Le virus maurrassien
dans les rangs de la tradition ?

Deuxième  partie

 

 

 

L'argument selon lequel les papes, en disant que la société était faite pour l'homme et non l'homme pour la société ont ouvert les portes au personnalisme version Vatican II, est erroné.

 

 

Réfutation de la thèse des contradicteurs :

 

Commençons par réfuter l'argument. Référons-nous à Julio Meinvielle, auteur de Conception catholique de la politique[1].

 

Les propos de cet auteur ne peuvent être suspectés de personnalisme car ce prêtre intègre et très savant, d’une philosophie rigoureuse, a beaucoup écrit contre le personnalisme, notamment contre le personnalisme de Maritain[2]. Par-dessus tout, l'Abbé Meinvielle se cale sur la doctrine de l'Eglise et n'en déroge pas.
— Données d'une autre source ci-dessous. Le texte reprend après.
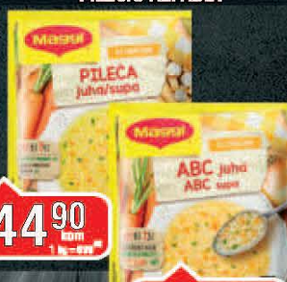
SUPA MAGGI 37G BISTRA PILEĆA/ALFABET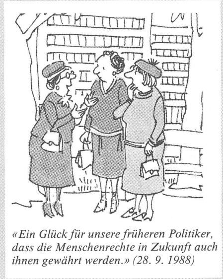
«Ein Glück für unsere früheren Politiker, dass die Menschenrechte in Zukunft auch ihnen gewährt werden.» (28. 9. 1988)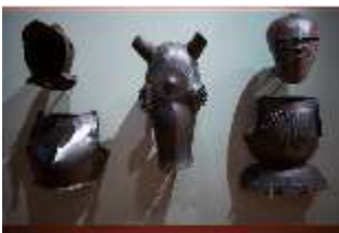
ND.III,Wa, Rüstzeug, R. I/4, DI027333, BSV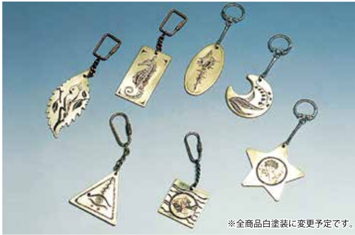
※全商品白塗装に変更予定です。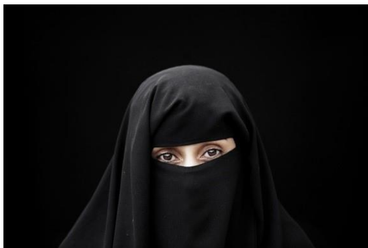
Figura 2 - I read I write, Fayza – Laura Boushnak, Iémen, 2012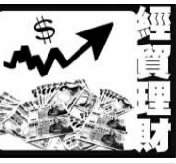
責任編輯 / 呂士昂

美國聯準會一如預期決議利率不變。即使年初通膨高於預期，官員仍預估今年將降息3碼（0.75個百分點），且上修經濟成長預測，投資人吃定心丸，刺激美股再創歷史新高。 聯邦準備理事會（FED）近日結束年度第2場決策會議，官員一致決議聯邦基金利率目標區間保持在5.25%至5.5%，符合市場預期。為壓制通貨膨脹，聯準會2年前開啓40年來最迅速加息循環，上次升息是去年7月，政策利率自此保持在23年新高點。 去年下半年美國通膨顯著緩和，投資人一度樂觀預期聯準會降息在即。結果今年初通膨僵固，聯準會是否會延後降息、減少今年降息次數，為近期華爾街關注焦點。 隨利率決策出爐的最新經濟預測顯示，官員預期年底政策利率為4.5%，意味今年將降息3碼，與去年12月上次預測雷同。與此同時，官員上修今年3年經濟成長預測，預期勞動市場保持旺盛，通膨持續朝聯準會長期目標2%回歸。 聯準會主席鮑爾（Jerome Powell）在會後記者會表示，官員認為政策利率可能處於循環頂點，經濟走勢如大致符合預期，今年某個時間點開始減少政策限制可能會是適當之舉。 美股午盤買氣旺盛，各大指數都攻上歷史新高點。道瓊工業指數終場收場401.37點，或1.03%，收在39512.13點；標準普爾500指數及那斯達克綜合指數漲幅分別達0.89%、1.25%。標普500指數首度衝破5200點大關。 負責制定利率的聯邦公開市場委員會（FOMC）會後聲明與1月底大同小異，重申官員認為在對通膨持續朝聯準會目標2%邁進「更有信心」前不宜降息。 在經濟強勁的背景，聯準會官員預期，今年底剔除波動較大食品、能源的核心個人消費支出（PCE （物價指數年增率為2.6%，低於1月的2.8%，但高於去年12月預測的2.4%。官員將今年國內生產毛額（GDP）成長預測從1.4%上修至2.1%，未來2年都是成長2%，高於去年12月的預估值。 如細看利率預測點陣圖，部分官員下修今年降息次數預測。未來2年的利率預估值上修，明年底為3.9%，2026年底為3.2%。 過去2年，美國物價漲勢一度衝上40年新高點，隨著聯準會積極升息壓抑需求，供應瓶頸疏通，通膨率逐漸朝聯準會目標回歸。官員思考何時開始降息之際展現耐心，不希望通膨威脅未完全消除時過早降息，但也不希望高利率維持太久，對經濟與勞動市場造成不必要的傷害。 鮑爾在記者會坦言，前2個月通膨確實比預期僵固，但官員早就預期通膨緩和過程可能顛簸不平。總之，現在不宜斷言去年下半年的通膨趨緩態勢已停滯，甚至逆轉。 鮑爾說：「真的不知道這是路面隆起還是別的東西，我們必須找出答案。」 聯準會下次集會是4月30日至5月1日。最新利率期貨市場行情顯示，多數投資人預期聯準會將在6月開始降息，到9月累計降息幅度將達2碼。由於美國11月將舉行總統大選，部分投資人認為聯準會將選擇提早降息，避免選戰最熱時外界認為政治干預央行運作。 （中央社）

Dans la première phrase de Conception catholique de la politique, J. Meinvielle s’exprime ainsi :

« La politique doit être au service de l’homme. Voilà une formule qui résume le présent ouvrage, formule qui parle peu et confusément à celui qui n’a pas une idée exacte de l’homme. (p. 13)

Il répète p. 33 « La politique doit être au service de l’homme. Voilà la grande vérité que nous proclamons avec insistance. Aussi, quand le bien moral de l’homme, sans être détruit, doit se subordonner à un bien supérieur, la politique devra s’y subordonner elle aussi. »

 

Comment Julio Meinvielle arrive-t-il à poser cette affirmation ? Sur quoi se fonde-t-il ?
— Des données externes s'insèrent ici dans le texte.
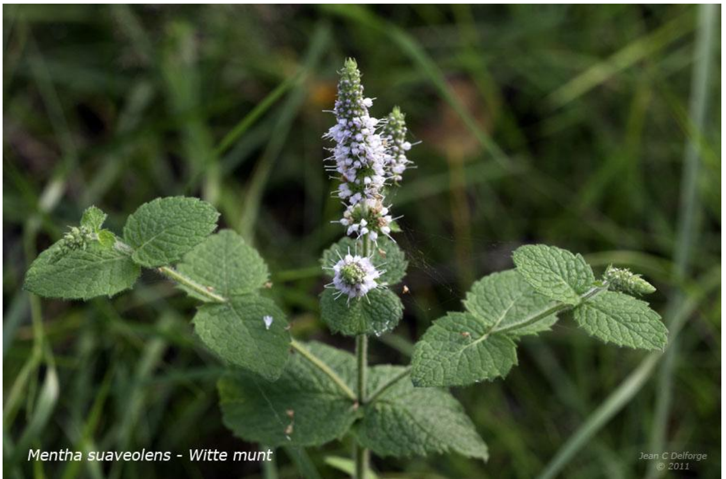
Mentha suaveolens - Witte munt

Sur la finalité ultime de l’homme, à savoir la béatitude en Dieu. Si l’homme doit se destiner à la béatitude éternelle, la société ne peut contrarier cette finalité ; elle doit au contraire s’y ajuster. Tel est le postulat de la politique chrétienne. C’est pourquoi notre auteur précise pp. 14-15 :

La politique est une activité morale qui sourd naturellement des exigences humaines de sa vie terrestre. Aussi, tant la science politique qui légifère sur les conditions essentielles de la cité terrestre, que la prudence politique, qui détermine les actions qui conviennent à certaines circonstances concrètes pour l’obtention de buts politiques déterminés, doivent s’ajuster à la vie surnaturelle. De soi, elle se développe dans un domaine purement humain jouissant d’une autonomie d’action réglée par la raison, mais tout cet ordre est surélevé dans l’économie présente par la fin surnaturelle assignée à l’homme par Dieu.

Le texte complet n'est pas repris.